#### SOURCE MATERIAL

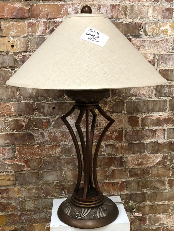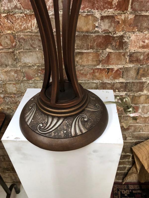 In a bronze tone here is an interesting decorator table lamp with shade...excellent condition...
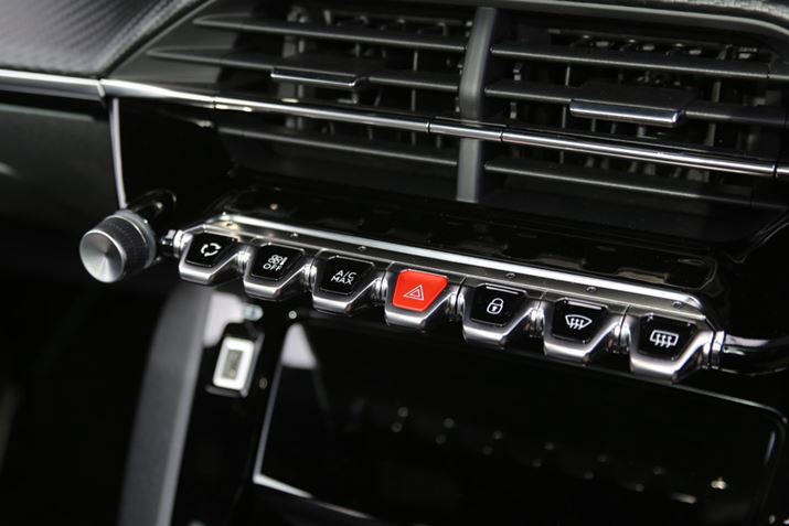 小径ステアリングは「3D i-Cockpit」の特徴のひとつで、操作時の動きを最小限に抑えるとともに、俊敏なレスポンスを可能にしているという
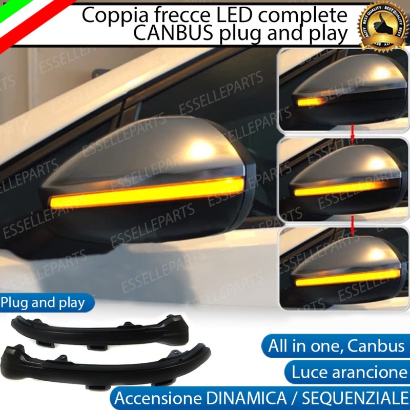 Coppia frecce complete A LED per frecce / indicatori di direzioni laterali degli specchietti retrovisori esterni a led CANBUS luce arancione ambra accensione dinamica / sequenziale / graduale, non segnano "errore" grazie alla doppia resistenza integrata. I LED presenti su ogni freccia garantiscono un illuminazione frontale ad alta intensità cambiando decisamente look alla propria automobile, questo grazie anche all'accensione dei led dinamica / sequenziale / graduale.
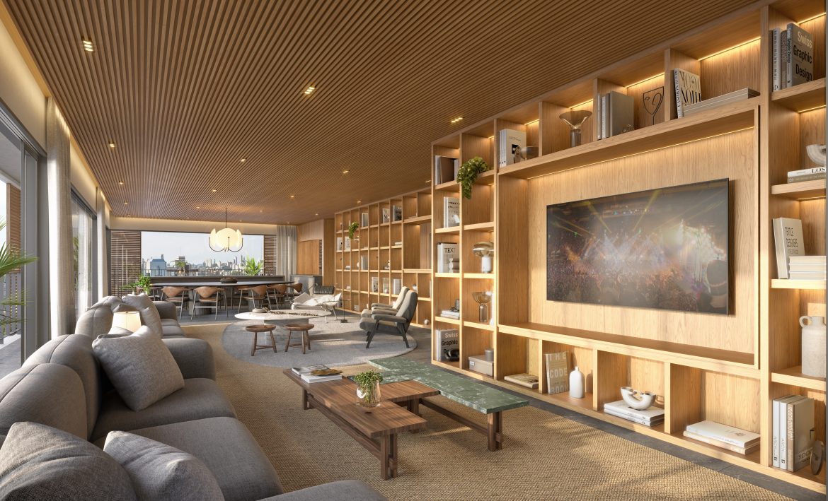 Nas áreas comuns, como o lobby, foyer, salão de festas, academia, café, espaço coworking, studio de yoga e funcional, além do mirante e piscina com vista panorâmica, o tropicalismo está presente no mobiliário, com peças exclusivas, que vão além do catálogo. “Pensamos em como os moradores irão utilizar os espaços, em seu uso real, e como será a convivência entre eles para a escolha de cada detalhe no projeto”, comenta Greg Bousquet, fundador do Architects Office.
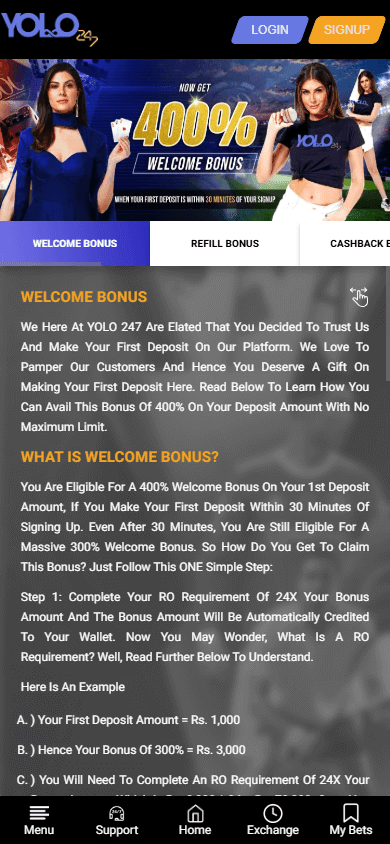 Основной особенностью Yolo247 становится заметный уклон в букмекерство. Несмотря на присутствие в разделе казино 19 поставщиков игр (включая NetEnt, Evolution Gaming, Evoplay, Ezugi, Vivo Gaming и других), акцент на ставках проявляется и в пользовательском опыте, и в построении навигации. Для игроков доступны сотни слотов, карточные и настольные игры, лайв-раздел, виртуальный спорт, кено, бинго, скретч-карты, а также краш-игры и лайв-шоу. Есть минимальный стартовый бонус для новых пользователей.
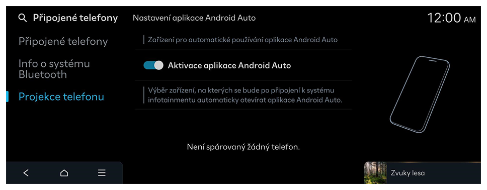 - Po úspěšném připojení chytrého telefonu se na domovské obrazovce přepne Projekce telefonu na možnost Android Auto. Pokud se možnost Android Auto nezobrazí, pokuste se připojení zopakovat.
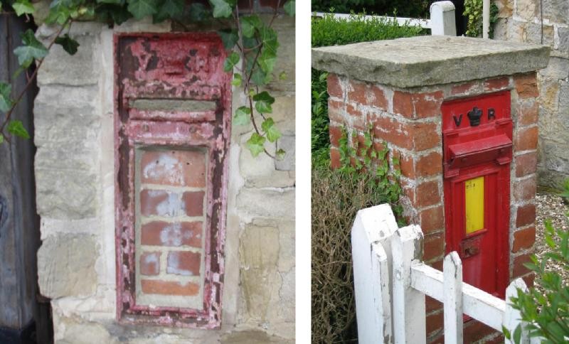 Tomorrow's postholes? Think of a tidy line of Victorian pillar boxes along a London thoroughfare; there are some in Kew and Richmond, all serving their various side-streets. The boxes actually go quite deep below the pavement. Now think of areas of cleared Victorian terraces in the East End. Maybe it's stretching the metaphor too far but perhaps future archaeologists will be able to trace what we have lost. Below are two boxes of similar vintage. On the left we have a decaying artefact, a bit like a pot sherd in a trench section. And on the right a nicely preserved piece of Victoriana hardly a dig away from Castle Howard.
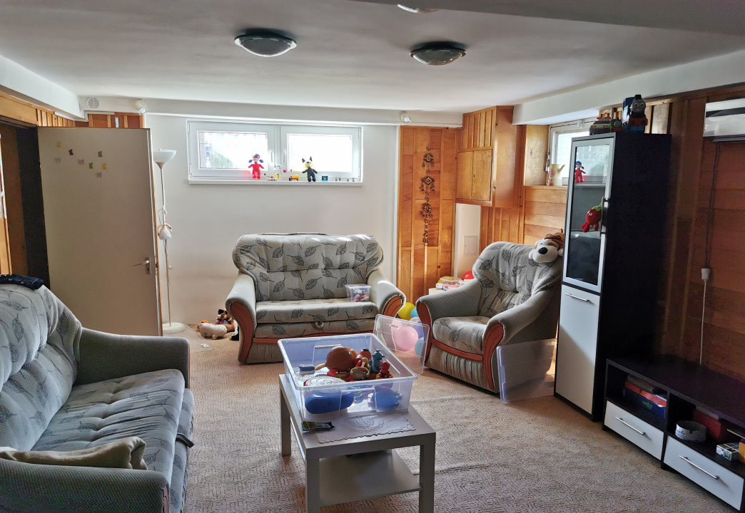 Szuterén 53 m2 - 4 db helység: 1. 34m2 padlószőnyeg borítás 2. 8,4 m2 - tároló- 3. 12 m2 (járólap borítás sarokban bárpult),

########

◆ WHAT THE TASK ASKS: Leave the pictures out and output exactly the lines above, from the start of the listing through the line with "Coppia frecce complete".

◆ TASK ANSWER:
 In a bronze tone here is an interesting decorator table lamp with shade...excellent condition...
 小径ステアリングは「3D i-Cockpit」の特徴のひとつで、操作時の動きを最小限に抑えるとともに、俊敏なレスポンスを可能にしているという
 Coppia frecce complete A LED per frecce / indicatori di direzioni laterali degli specchietti retrovisori esterni a led CANBUS luce arancione ambra accensione dinamica / sequenziale / graduale, non segnano "errore" grazie alla doppia resistenza integrata. I LED presenti su ogni freccia garantiscono un illuminazione frontale ad alta intensità cambiando decisamente look alla propria automobile, questo grazie anche all'accensione dei led dinamica / sequenziale / graduale.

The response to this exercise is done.